Of the records that follow, copy only the lines from the line containing "Fig. 6. Echocardiographic" to the line containing "Модульные контакторы представляют", both included, exactly as written.

• Data listing
<<<<
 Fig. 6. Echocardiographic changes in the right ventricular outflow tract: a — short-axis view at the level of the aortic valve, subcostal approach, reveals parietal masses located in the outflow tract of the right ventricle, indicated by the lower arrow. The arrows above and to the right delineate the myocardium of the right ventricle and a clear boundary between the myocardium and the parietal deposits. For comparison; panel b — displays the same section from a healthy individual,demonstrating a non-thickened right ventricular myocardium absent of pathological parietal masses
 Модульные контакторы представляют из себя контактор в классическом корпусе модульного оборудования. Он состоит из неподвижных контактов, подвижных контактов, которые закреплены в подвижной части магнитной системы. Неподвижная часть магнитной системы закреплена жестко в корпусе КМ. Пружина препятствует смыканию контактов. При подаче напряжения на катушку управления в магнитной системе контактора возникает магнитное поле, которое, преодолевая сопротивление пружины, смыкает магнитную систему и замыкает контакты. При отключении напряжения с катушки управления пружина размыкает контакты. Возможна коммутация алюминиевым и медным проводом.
>>>>
<<<<
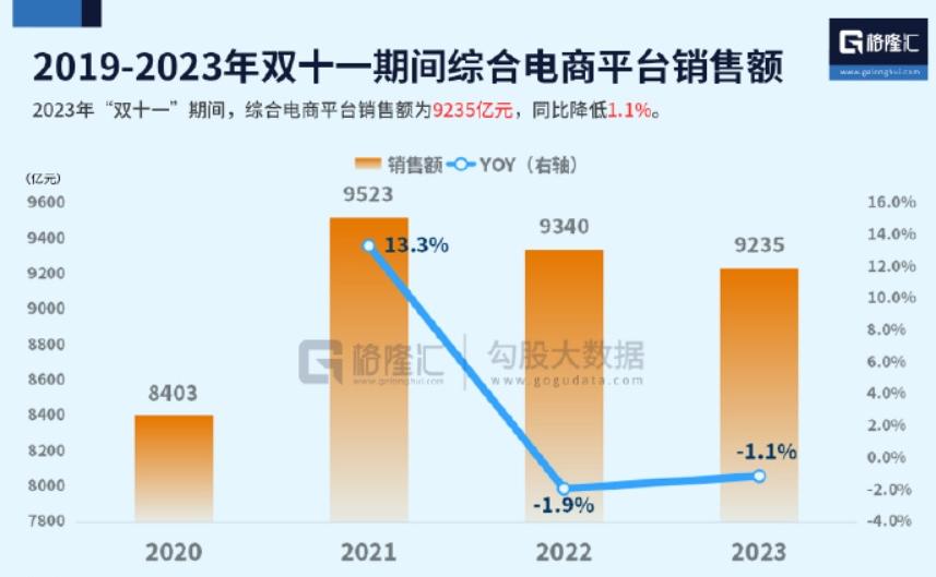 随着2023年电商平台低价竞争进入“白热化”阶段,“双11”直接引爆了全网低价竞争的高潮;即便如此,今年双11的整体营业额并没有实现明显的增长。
>>>>
• Task result
 Fig. 6. Echocardiographic changes in the right ventricular outflow tract: a — short-axis view at the level of the aortic valve, subcostal approach, reveals parietal masses located in the outflow tract of the right ventricle, indicated by the lower arrow. The arrows above and to the right delineate the myocardium of the right ventricle and a clear boundary between the myocardium and the parietal deposits. For comparison; panel b — displays the same section from a healthy individual,demonstrating a non-thickened right ventricular myocardium absent of pathological parietal masses
 Модульные контакторы представляют из себя контактор в классическом корпусе модульного оборудования. Он состоит из неподвижных контактов, подвижных контактов, которые закреплены в подвижной части магнитной системы. Неподвижная часть магнитной системы закреплена жестко в корпусе КМ. Пружина препятствует смыканию контактов. При подаче напряжения на катушку управления в магнитной системе контактора возникает магнитное поле, которое, преодолевая сопротивление пружины, смыкает магнитную систему и замыкает контакты. При отключении напряжения с катушки управления пружина размыкает контакты. Возможна коммутация алюминиевым и медным проводом.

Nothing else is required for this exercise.